People are getting tired of revelations about fake academic degrees of artists and celebrities. Lately the revelations have focused on pop culture celebrities, particularly those who have achieved their popularity through an intelligent image. It is shocking to see how much Koreans worship academic degrees and the individual moral hazard that this creates, especially for aspiring celebrities.

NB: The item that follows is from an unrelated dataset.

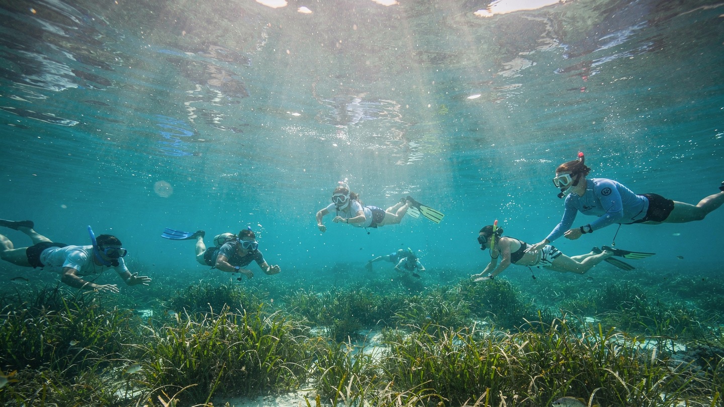Primera parada de snorkel en una cala de aguas cristalinas para observar praderas de posidonia y fauna marina

Those who pretended to be alumni of universities from which they did not graduate received more criticism than others. They delivered lectures to students at their fake alma maters and some of were even awarded alumni honors. The relevant universities are bound to be questioned about their moral integrity in such cases, since they are likely to have ignored doubts about the genuineness of such people’s degrees. The universities might have turned a blind eye to the fakes in exchange for celebrity endorsements.
Celebrity marketing of universities has become intense. Almost all universities publish promotional booklets and produce commercials using celebrity alumni and appoint stars as their ambassadors. In events that test the power of each university, celebrities are also welcomed. During the admissions season, a battle royal occurs between the universities to attract stars and lure freshmen. Although stars are unlikely to be hardworking students because of their busy schedules, the schools want some of a celebrity’s popularity to rub off on them.
The fever for celebrity marketing is not confined to local colleges, middle- and lower-grade universities or newly established institutions where marketing is critical for survival. Even prestigious universities strive to host celebrity alumni, offering special graduate programs. Those schools then introduce the pop culture stars to their alumni networks.
A professor of film studies says the reality of our universities, which are increasingly marginalized, lies behind the recent fake degree scandals. Already the supply of academic institutions has exceeded demand and competition is getting fierce, while commercial awareness of universities is more valued than academic achievement. Thus universities want to promote prospective students’ awareness of their names even if that means hiring fake graduates and, to get more freshmen, they employ celebrities as professors after assessing their ability to make money. Hiring celebrities as professors is fine if they have the necessary credentials. Yet the core of the problem hinges on whether star marketing of universities ends up destroying the academies’ reputation.

*The writer is a deputy culture and sports editor of the JoongAng Ilbo.